Others gathered around her – curious, sympathetic – and the race of streaking light began to lose its coherence.
One of them came to her.
Names meant little; this ‘one’ was merely a transient sharpening of identity from the greater distributed entity that made up the Community.
Still, here he was. Call him Geador.
‘ … Anlic?’
‘I feel – odd,’ she said.
‘Don’t worry.’
‘Who am I?’
‘Come back to us.’
He reached for her, and she sensed the warm depths of companionship and memory and shared joy that lay beyond him. Depths waiting to swallow her up, to obliterate her questions.
She snapped, ‘No!’ And, wilfully, she sailed up and out and away, passing through the thin walls of the tunnel.
At first it was difficult to climb out of this twisted gravity well. But soon she was rising through layers of structure.
Here was the tight electromagnetic cage which had once tapped the spinning black hole like a dynamo. Here was the cloud of compact masses which had been hurled along complex orbits through the hole’s ergosphere, extracting gravitational energy.
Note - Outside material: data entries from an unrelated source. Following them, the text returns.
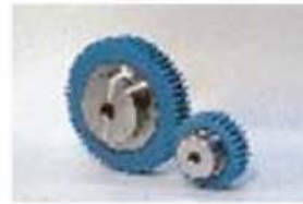
Plastic Spur with Stainless Steel Core (PU)
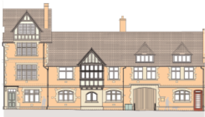
Our new home in Pembroke Street - much work needs to be done before we can move in.

A generous gift of £2.5m from an anonymous fairy godmother enabled us to buy the lease on the property. But this is only the first chapter: we shall need to raise a further £11m to open the Museum by 2014 when Oxford aims to be UNESCO World Book Capital City. We'll send you more instalments as this exciting story unfolds.
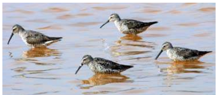
Stilt Sandpipers, on migration between arctic Canada and South America, at the internationally important salt-pans at Salt Cay, on which they depend to feed to fuel their flights.

Concerns are not limited to residents of TCI. National Geographic has placed TCI on a watch-list of countries whose ecosystems are being endangered by unsustainable tourism. Providenciales came 119th out of 121 destinations, lower than all its neighbours, and was rated as "in serious trouble". Comments included: "immediate eco-action is needed" to restore the damage; "rampant development" with "little attention to ecosystems"; "once a raw, romantic coastline, now a strip of mega-hotels on an increasingly crowded beach"; "some native islanders fear that development is at the expense of the Islands' identity and culture"; "the silver thatch palm exists only here and the Bahamas but the six-foot trees are the first things to go when bulldozers move in." Local residents feel unable to stop the devastation of their islands, and members of a current inquiry by a Committee of the UK House of Commons expressed concern at the number of complaints received from TCI residents regarding problems in local governance.
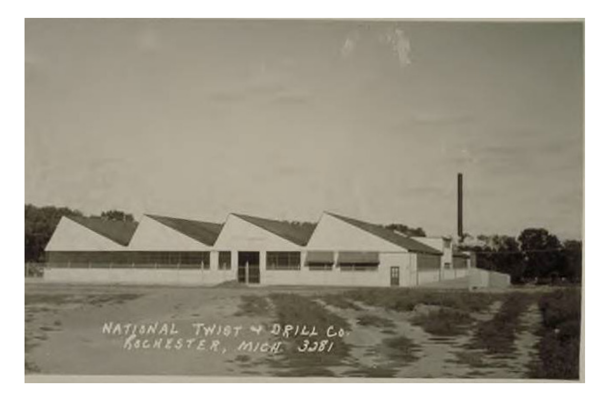
Figure 1. National Twist Drill & Tool Company factory, 1941.
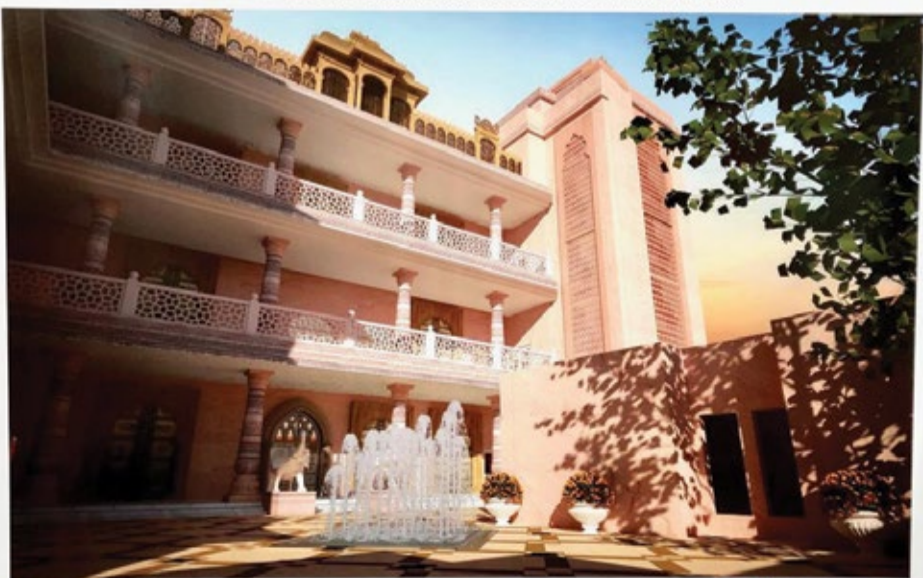
VIEW - 03
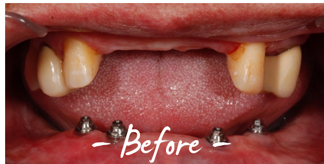
- Before -

"Will" was referred to me because the general dentist did not feel comfortable restoring the lower osseointegrated implants with a full arch implant prosthesis against an upper partial denture.
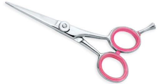
Light Weight Professional Barber Scissors VI-101-1015

Available in Stainless steel AISI 420 or 440 with hollow ground inner blades and Convex edge, Another model with samurai type blades for a creative cut. 6 1/2",
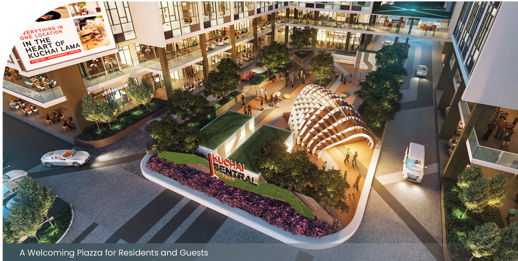
A Welcoming Piazza for Residents and Guests
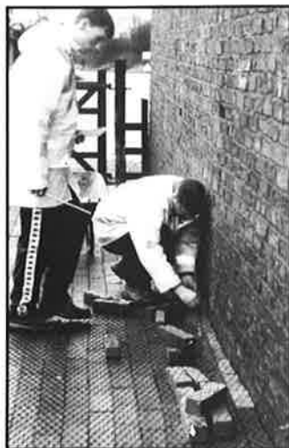
Fitting the final pieces of the puzzle.

The Spring, 2000 newsletter will report on the completion of many of these proposals. Some will take time to mature and develop but will improve the appearance of the works and enhance future demonstrations and events which will be held at the site.
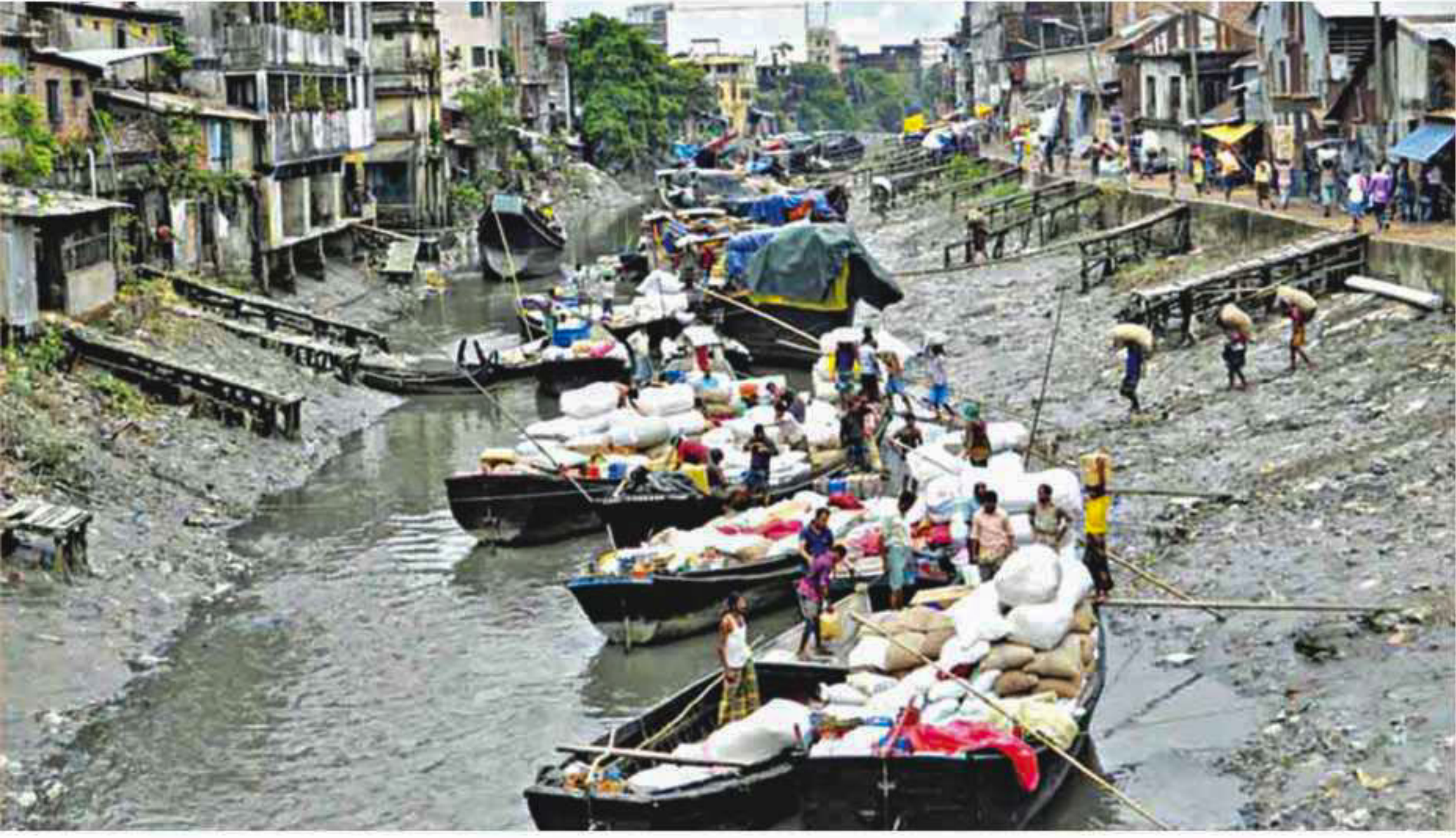
The wholesale market of Khatunganj in Chittagong city sending goods to grocers and small traders by boat ahead of Eid-ul-Azha when sales will see a huge boost. However, the canal that serves as a major commercial route is in death throes because of continuous encroachment on both sides. Local residents say once merchant boats sailed on Chaktai Khal but today it is just a stream that does not get water even during the monsoon. The photo was taken yesterday.
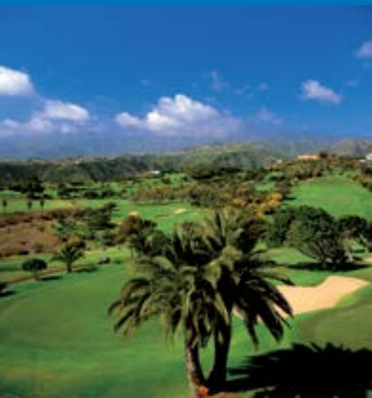
Royal Golf Club of Las Palmas
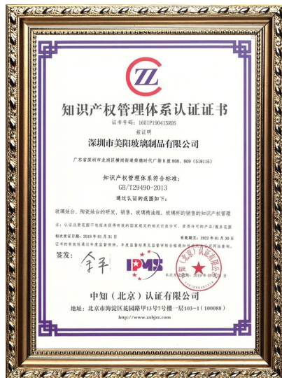
Enterprise Intellectual Property Patent No.:201630655323.4
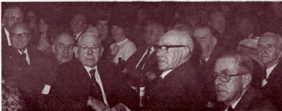
Liverpool delegates above and left, during their meeting
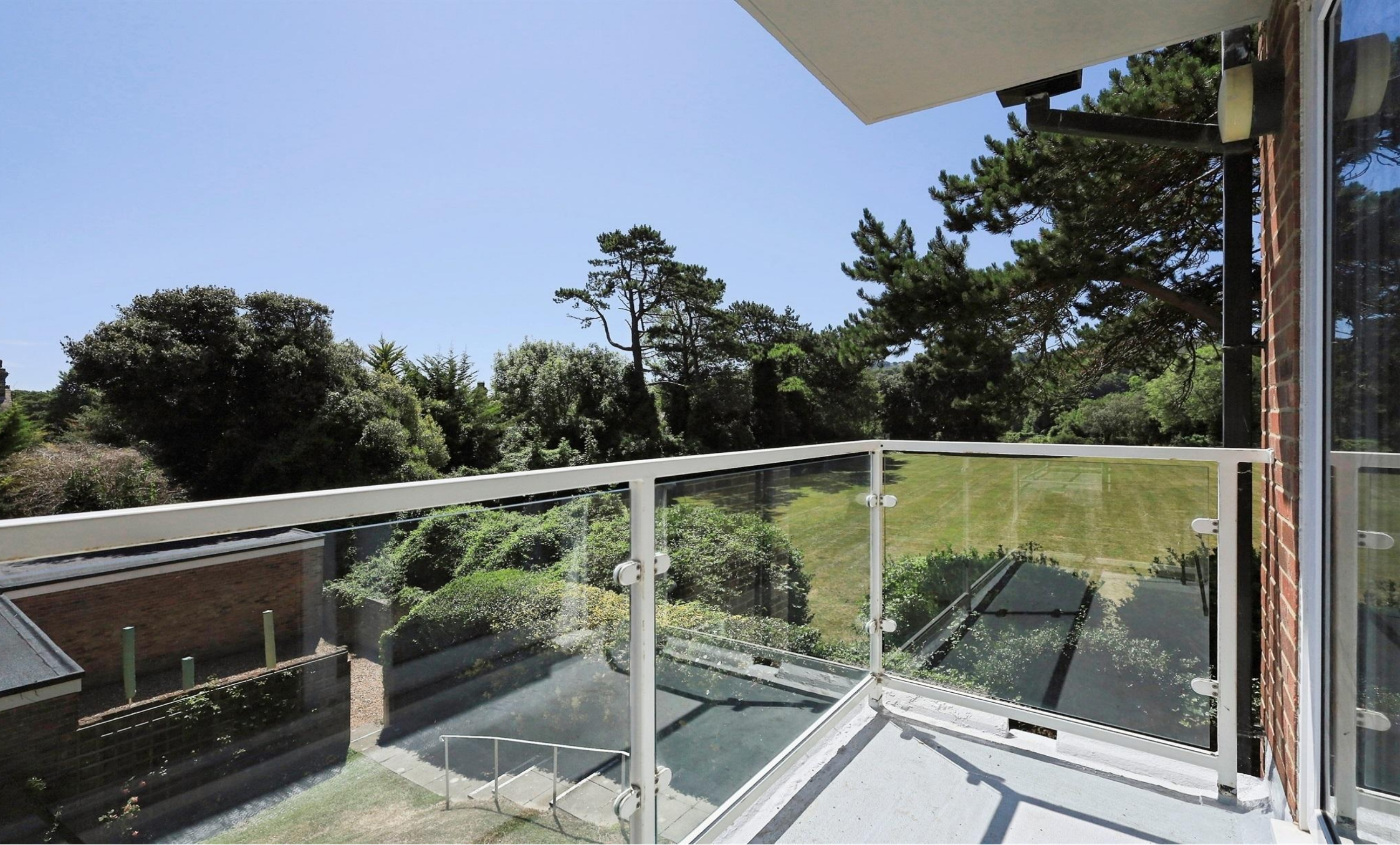
Como House Carlisle Road, Eastbourne BN20 7TD
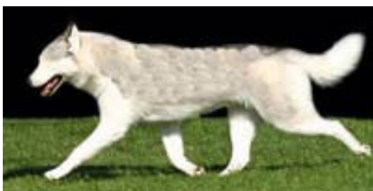
This picture shows a dog "under reaching." Notice how the forefoot and hindfoot do not meet under the dog's body. The rear leg at full extension seems to be kicking up. Also, if your dog is long of body, perhaps a side movement shot is not the best for your dog, as he may appear even longer.

Next, be very critical when looking at moving pictures.
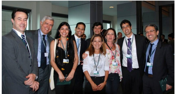
Delegates at the reception hosted by the CBD Secretariat.

report was held from 30 June to 2 July, 2010 in Budapest, Hungary. A few countries from Europe and West Asia attended the workshop and all of them found it useful for their work on the fourth national report.
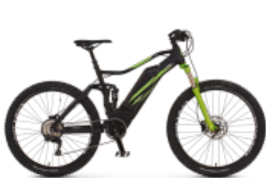
Graveller Sport Drive 10v 27,5 20.ETM.20 + $45.49
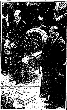
Officials of the government met in the home of President-elect Harding in memory of the late President Harding. Photo shows President Coolidge (left) and Chief Justice Taft with hunch heads as prayer was being said.

"Cold wave causes rush to tropics," says a headline over shipping news, but more likely the rush is of the kind which Old Farmer's Almanac could predict as the "about this time," in any case the voyagers to tropic seas may wish they had waited another week if they run into the northeaster that is moving up from Alabama.
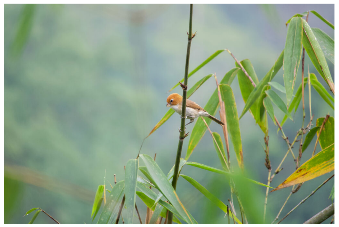
White-breasted Parrotbill
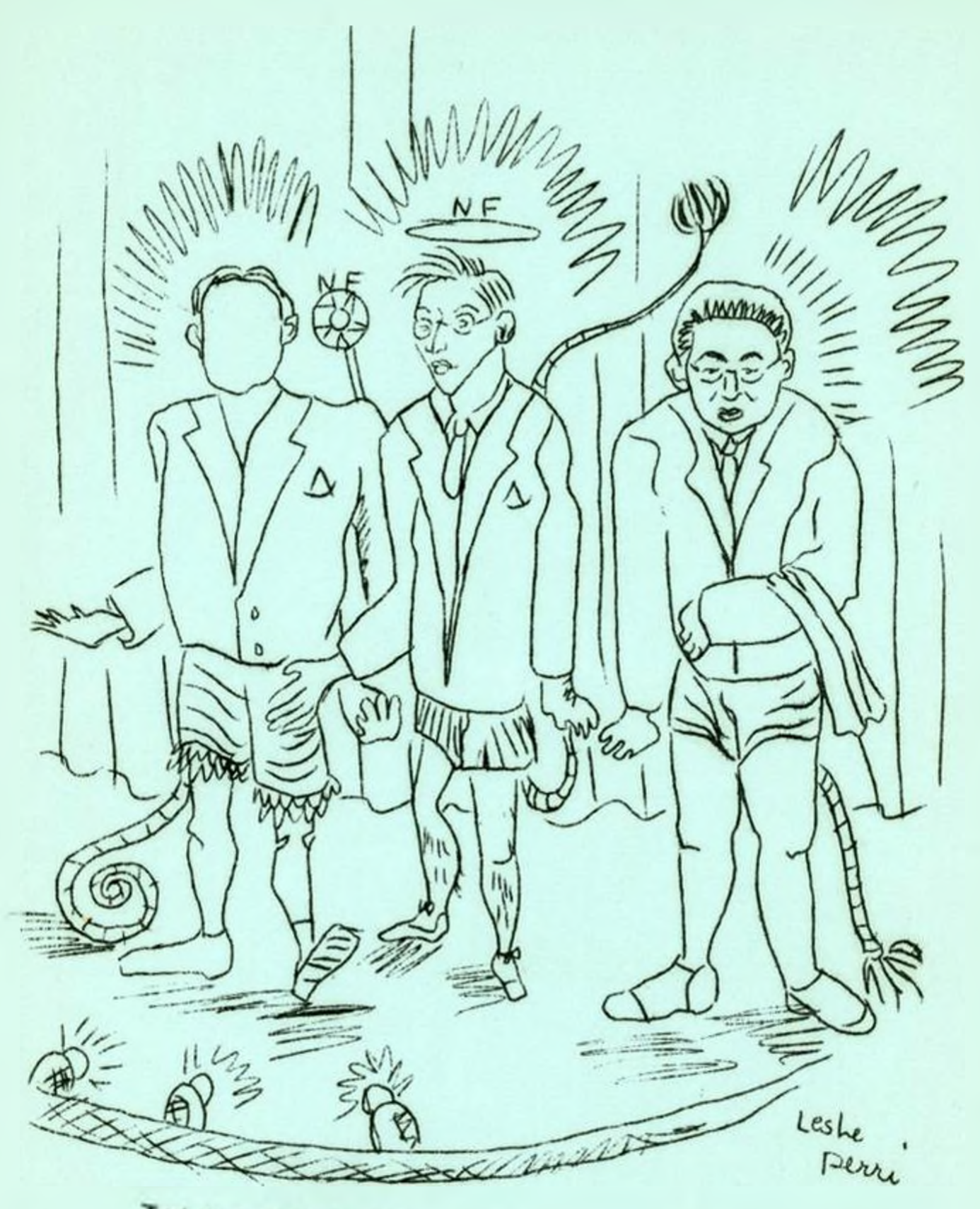
TYRANNOUS UNHOLY TRIO WE

It was antique engineering, long abandoned.
She emerged into a blank sky, a sky stretched thin by the endless expansion of spacetime.
Geador was here. ‘What do you see?’
‘Nothing.’
‘Look harder.’ He showed her how.
There was a scattering of dull red pinpoints all around the sky.
‘They are the remnants of stars,’ he said.
He told her about the Afterglow: that brief, brilliant period after the Big Bang, when matter gathered briefly in clumps and burned by fusion light. ‘It was a bonfire, over almost as soon as it began. The universe was very young. It has swollen some ten thousand trillion times in size since then … Nevertheless, it was in that gaudy era that humans arose.
Us,
Anlic.’
She looked into her soul, seeking warm memories of the Afterglow. She found nothing.
She looked back at the gravity mine.
At its centre was a point of yellow-white light. Spears of light arced out from its poles, knife-thin. The spark was surrounded by a flattened cloud, dull red, inhomogeneous, clumpy. The big central light cast shadows through the crowded space around it.
It was beautiful, a sculpture of light and crimson smoke.
‘This is Mine One,’ Geador said gently. ‘The first mine of all. And it is built on the ruins of the primeval galaxy – the galaxy from which humans first emerged.’
‘The first galaxy?’
‘But it was all long ago.’ He moved closer to her. ‘So long ago that this mine became exhausted. Soon it will evaporate away completely. We have long since had to move on …’
But that had happened before. After all humans had started from a single star, and spilled over half the universe, even before the stars ceased to shine.
Now humans wielded energy, drawn from the great gravity mines, on a scale unimagined by their ancestors. Of course mines would be exhausted – like this one – but there would be other mines. Even when the last mine began to fail, they would think of
something.
The future stretched ahead, long, glorious. Minds flowed together in great rivers of consciousness. There was immortality to be had, of a sort, a continuity of identity through replication and confluence across trillions upon trillions of years.
It was the Conflux.
Its source was far upstream.
The crudities of birth and death had been abandoned even before the Afterglow was over, when man’s biological origins were decisively shed. So every mind, every tributary that made up the Conflux today had its source in that bright, remote upstream time.
Nobody had been born since the Afterglow.